A much-needed injection at the box office is coming with three Marvel movies, the return of Michael Myers, and a new mission from secret agent James Bond. The coronavirus (COVID-19) pandemic has impacted business with people choosing to stay home. New movies have done well. What does the future hold for movies at the local cineplex?
Success at the box office
Disney’s Shang-Chi and the Legend of the Ten Rings has earned $176 million so far at the box office domestically. It is expected to be the first domestic release to finally reach $200 million in ticket sales since the beginning of the coronavirus (COVID-19) pandemic.
There have been other movies that have done well, including F9, Black Widow, and Free Guy, not at the level of pre-pandemic. Shang-Chi and the Legend of the Ten Rings performed well without major competition. Blockbusters released this year have enjoyed success at the box office. Only F9 has surpassed $500 million in ticket sales internationally.
Box office needs momentum
People are creatures of habit. They go see a new movie and watch trailers and advertisements for upcoming features. There have not been new movies to pass the baton. Movie theater attendance thrives on an influx of new products. That’s why studios and cinema operators need a wide range of offerings. The delta variant hinders momentum in getting people back into theaters.

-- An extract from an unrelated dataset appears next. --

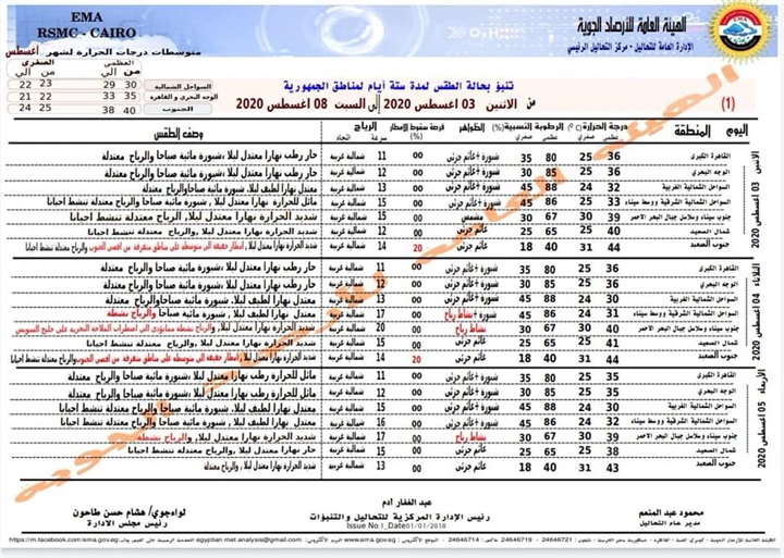 أعلنت الهيئة العامة للأرصاد الجوية عن طقس الثلاث أيام المقبلة بدءاً من الأثنين ٣ أغسطس حتى الأربعاء ٥أغسطس٢٠٢٠.
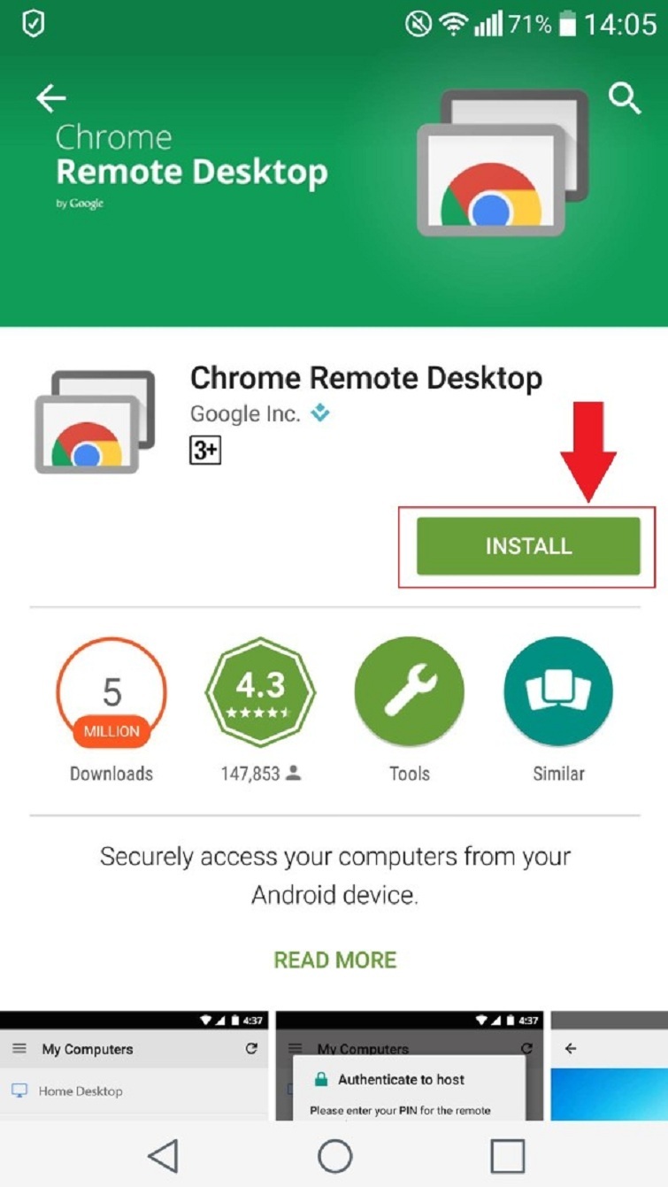 Tương tự như trên, bạn cũng tải về điện thoại một ứng dụng có tên là Chrome Remote Desktop ở trên Google Play.

“Before July 4th, the pandemic was on its way to being contained, but Delta and premature openings changed that,” said David A. Gross, of Franchise Entertainment Research, via Variety. “Given the stubbornness of the variant and the resistance of large numbers of people to vaccinate, containment is going to take time — again. Business should continue to improve despite the adverse conditions, but the pandemic needs to be contained.”
Studios need earnings in international markets to turn a profit. Many countries have capacity restrictions in place, and some require patrons to show proof of vaccination. Australia, Japan, and most of Southeast Asia are in strict lockdown measures forcing movie theaters to be partly or completely closed.
Marvel and Bond to the rescue
There is hope on the horizon. October has a few big movies coming out starting with Sony’s comic book sequel Venom: Let There Be Carnage (Oct. 1) and Daniel Craig’s final turn as James Bond in No Time to Die (Oct. 8). There is anticipation from 007 fans as the new 007 will be Craig’s fifth and final performance as the secret agent. The hope is that the back-to-back tentpoles will attract people to theaters and set the stage for a revival.
“Venom: Let There Be Carnage and No Time to Die are perfectly positioned to entice the 18-to-30-year-olds who have driven the comeback of the movie theater in the latter part of the summer,” says Paul Dergarabedian, a senior media analyst with Comscore. Other releases include Eternals (Nov. 5), Ghostbusters: Afterlife (Nov. 19), Steven Spielberg’s West Side Story (Dec. 10), Spider-Man: No Way Home (Dec. 17), and The Matrix Resurrections (Dec. 22).